Nguyen et al. (2011) and Sayenko et al. (2014) used a symmetrical arrangement for the SDSS setup, where the electrodes covered exactly the same surface as in SES. In the present study, both setups covered the same skin area, but over a slightly different part of the stimulated muscle. SDSS electrode positioning was chosen dependent on the prior motor point (MP) detection and on the size and shape of the muscle (Fig. 1c). This is because the goal of the positioning was to be as close as possible to the MP and to cover the stimulating muscle as well as possible to optimise the power output (Gobbo et al. 2014; Maffiuletti 2010).

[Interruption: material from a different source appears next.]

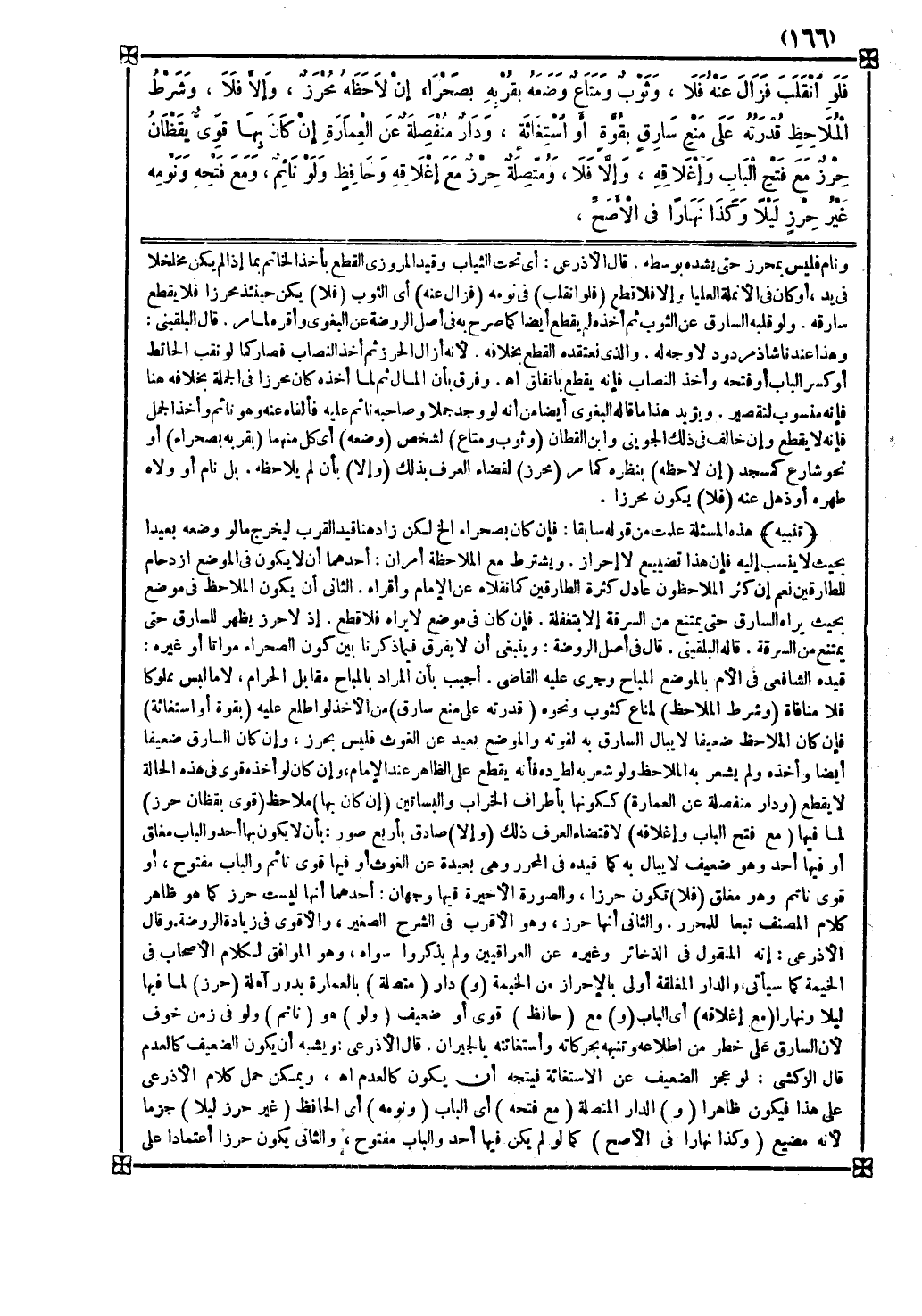 وقال الأذرعي إنه المنقول في الذخائر وغيره عن العراقيين ولم يذكروا سواه وهو الموافق لكلام الأصحاب في الخيمة كما سيأتي والدار المغلقة أولى بالإحراز من الخيمة ( و ) دار ( متصلة ) بالعمارة بدور آهلة ( حرز ) لما فيها ليلا ونهارا ( مع إغلاقه ) أي الباب ( و ) مع ( حافظ ) قوي أو ضعيف ( ولو ) هو ( نائم ) ولو في زمن خوف لأن السارق على خطر من اطلاعه وتنبهه بحركاته واستغاثته بالجيران

This study showed some major benefits of the SDSS setup compared to SES regarding fatigue resistance and power output but the study has some limitations which are discussed here. One limitation is that the measurements were conducted with able-bodied subjects, where the influence of volitional movement cannot be fully excluded. The stimulation intensity was based on subjective and individual pain tolerance, obtained informally from each subject for each leg and pattern during familiarisation. For better uniformity and comparability among the subjects, an established pain scale should be used in future studies. A further limitation is that, while the dynamometer provided a good basis for assessment of a dynamic knee extension task, it is still a simplification of a real cycling movement. The influence of hip flexion and the coordinated activation of the hamstrings were not considered in the dynamometer setup. The experimental setup used, together with the applied stimulation parameters, is just one possibility and the results obtained are strongly linked with these configurations. The influence of changing pulse width, amplitude and/or frequency in conjunction with specific electrode configurations is a further subject for future research studies.


Although less stimulation was applied, SDSS showed a significantly higher mean power output than SES and also had improved fatigue resistance when compared to conventional stimulation. The present study confirms the benefits of SDSS, as previously observed by Nguyen et al. (2011) and Sayenko et al. (2014), and expands the application to a dynamic knee extension task with able-bodied subjects. The SDSS approach may therefore provide substantial performance benefits for cyclical FES applications.

The positive results suggest the need for further investigations where other approaches to modulation of stimulation parameters are combined with SDSS; it was shown that varying stimulation parameters can increase fatigue resistance and/or generated force (Doucet and Griffin 2012; Downey et al. 2011; Maladen et al. 2007; Slade et al. 2003), and this outcome might be strengthened when SDSS is concurrently applied. Another option would be to develop more sophisticated electrodes and stimulators for more complex movements and to have more possibilities to vary the spatial component. New strategies can then be developed and other challenges such as closed-loop control can be faced (Downey et al. 2015). Also, the benefits of the SDSS approach need to be validated in target patient populations most likely to benefit from FES, such as spinal cord-injured subjects (Scott et al. 2007).